Kaposi’s sarcoma (KS) is a vascular neoplasm caused by infection of endothelial or endothelial precursor cells with the Kaposi’s sarcoma associated herpesvirus (KSHV/HHV8). Research efforts have focused on defining the molecular events explaining how KSHV promotes pathological angiogenesis and KS tumor formation. mTOR/HIF-1 has been shown to be a fundamental pathway driving these processes through the upregulation of angiogenic and inflammatory genes, including VEGF, ANGPTL4, and ANGPT2. Interestingly, HIF-1 has also been implicated in the upregulation of metabolic genes associated with aerobic glycolysis and the growth of solid tumors.
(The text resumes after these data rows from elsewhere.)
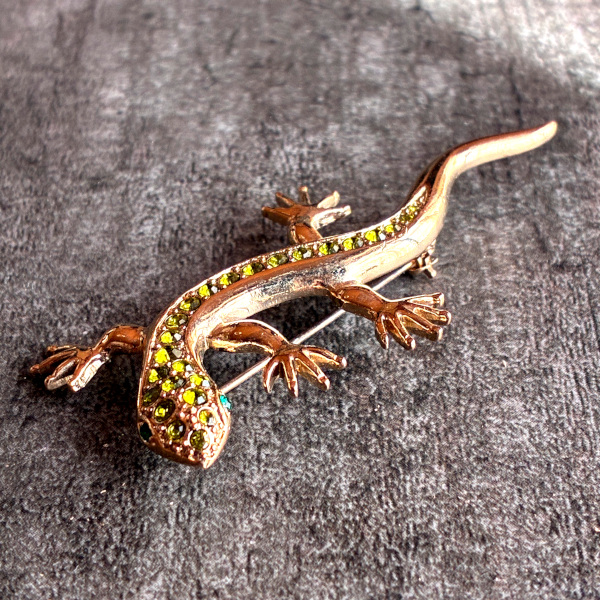 - > 英国ヴィンテージ 光を走る翡翠色のトカゲブローチ
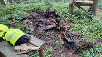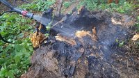 Der Wurzelstock sorgte für eine starke Rauchentwicklung und stand bei unserem Eintreffen in Vollbrand, er wurde von den Atemschutzträgern mittels HD-Rohr gelöscht. Die Exekutive war ebenfalls am Einsatzort. Der brennende Teil des Baumes wurde vollständig abgelöscht, mit einer Axt zerkleinert und laufend mittels Wärmebildkamera kontrolliert. Um ein Wiederaufflammen zu verhindern, wurde der angebrannte Teil durch Unterstützung des Bauhofs der Stadtgemeinde Rohrbach-Berg auf einen Traktor verladen.
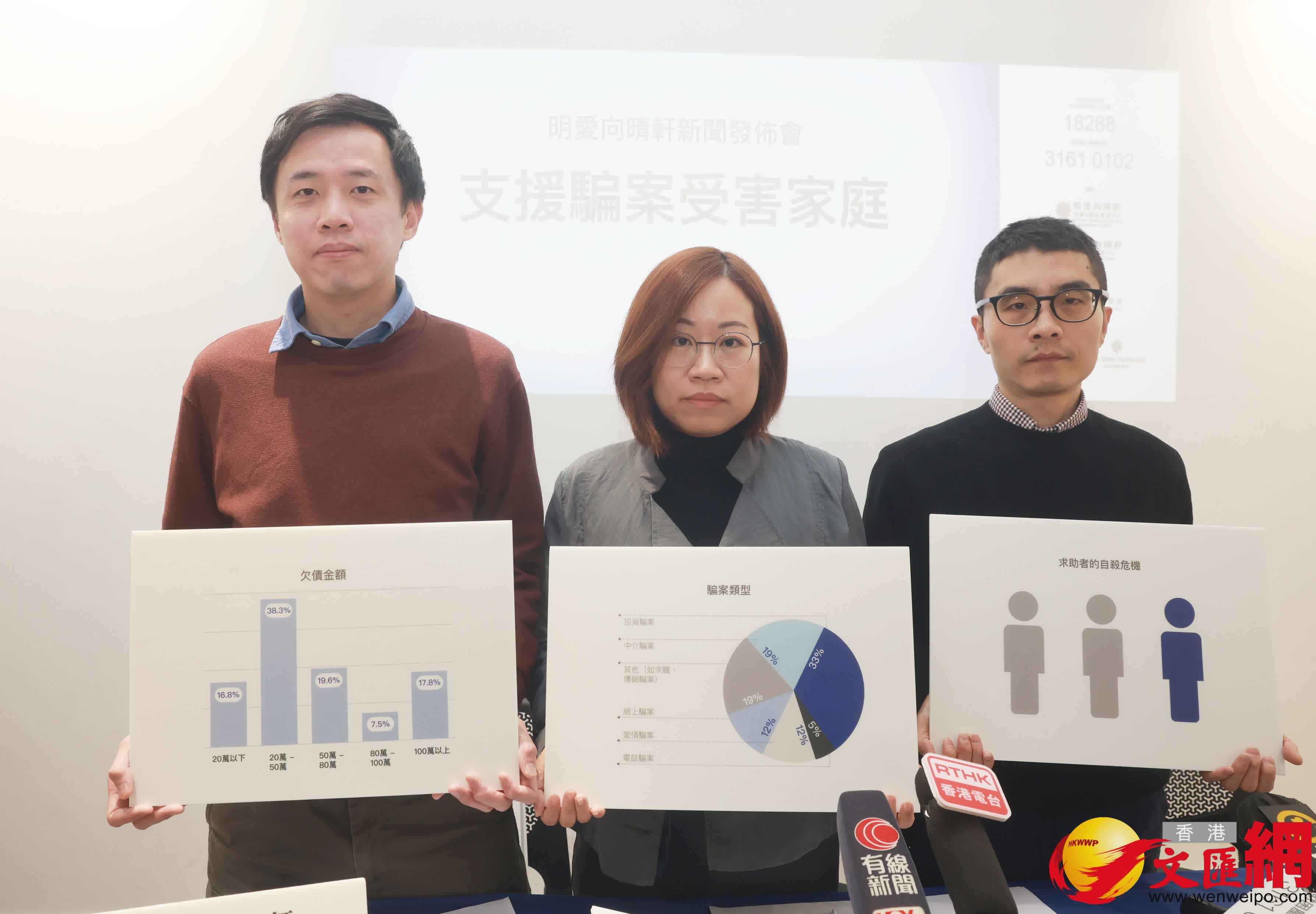 香港文匯報訊(記者 李芷珊)鑑於香港騙案問題持續嚴重,支援騙案受害家庭刻不容緩,明愛向晴軒今日(11日)舉行「支援騙案受害家庭」新聞發布會,分析過去一年的求助數據,以及分享騙案受害人的特徵及心路歷程,並提出具體建議,鼓勵受害者及家人及早求助,防止危機惡化。
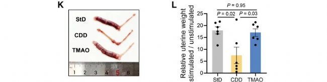 為探究TMAO在蛻膜化過程中的作用,通過在三種不同飲食中添加芝麻油誘導假性蛻膜化反應。CDD組小鼠對刺激反應減弱,導致其滋養(yǎng)層瘤體積小于對照組。但補充TMAO可有效挽救該表型(圖K和L)。
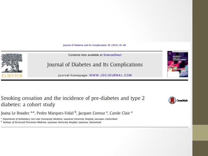 • Kore’de yapılan bir çalışmada 2 -4 yıldır sigarayı bırakmış olan erkeklerde hiç sigara içmeyenlere göre Tip 2 DM riskinde önemli derecede artış vardır. • 2010 yılında Amerika’da yapılan çalışmada erkek ve kadınlarda sigara içicilere göre sigarayı bıraktıktan sonraki 6 yıl içinde Tip 2 DM gelişimi için artmış risk gösterilmiştiir. Sigarayı yeni bırakanlar (3. 8 kg) sigara içenlere(0. 6 kg) göre daha fazla kilo almışlardır. • Tüm bu çalışmalarda sigara içmeyenler referans olarak alınmıştır. Sigarayı bırakanlar ve sigara içmeye hala devam edenler direkt olarak karşılaştırılmamış ve BAG gelişme riski değerlendirilmemiştir.
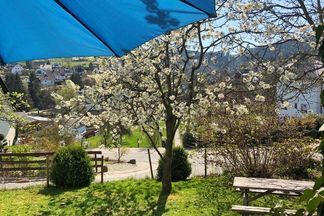 De woning staat op een ruim perceel met terras en tuinhuisje op het zuidwesten.De tuin is te bereiken via een aflopend pad naast het huis. Er is voldoende tuinmeubilair aanwezig zowel om te zitten als te liggen (moderne relaxbankjes). Vanaf het terras heeft u een prachtig uitzicht en kunt u echt genieten van de heuvels, weilanden en bossen waarop u uitzicht heeft. De kinderen kunnen prima spelen in de tuin waarin ook fruitbomen staan.
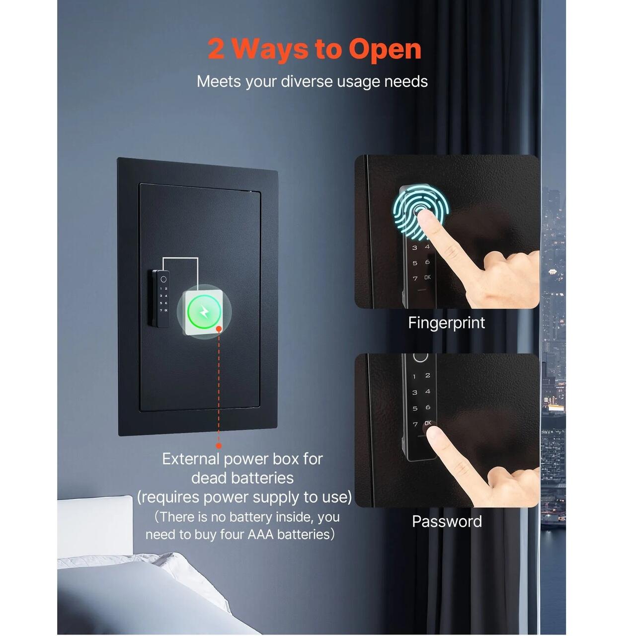 Optiuni multiple de deblocare: Seiful nostru de perete dispune de acces prin parola si amprenta pentru utilizarea zilnica. Daca cheia este pierduta sau bateria se descarca, o cutie de alimentare externa permite deblocarea de urgenta (necesita alimentare), asigurand acces rapid la obiectele de valoare.
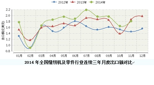 2014年1~11月,全国缝纫机及零件行业累计完成出口额19.66亿美元,同比增长8.01%。月度出口增速除2月、11月两个月为负外,其余月份均为正。出口较平稳。

However, whether HIF-1 plays a role in regulating cell metabolism in KS remains unexplored. Here, we show that the HIF-1 metabolic effector, pyruvate kinase 2 (PKM2), is upregulated upon KSHV infection of endothelial cells and is necessary to maintain aerobic glycolysis in infected cells. We further demonstrate that PKM2 regulates KS angiogenic phenotype by acting as a coactivator of HIF-1 and increasing the levels of HIF-1 angiogenic factors, including VEGF. Indeed, inhibition of PKM2 expression blocked endothelial cell migration and differentiation of KSHV-infected cells. We also investigated whether PKM2 regulates the angiogenic dysregulation induced by the KSHV-encoded G protein-coupled receptor (vGPCR), a viral oncogene that promotes Kaposi’s sarcomagenesis through the upregulation of HIF angiogenic factors. Interestingly, we found that PKM2 controls vGPCR-induced VEGF paracrine secretion and vGPCR oncogenesis in vivo. Our findings provide a molecular mechanism for how HIF-1 dysregulation in KS fuels both angiogenesis and tumor metabolism and support further investigations on therapeutic approaches for KS targeting HIF-1 and PKM2.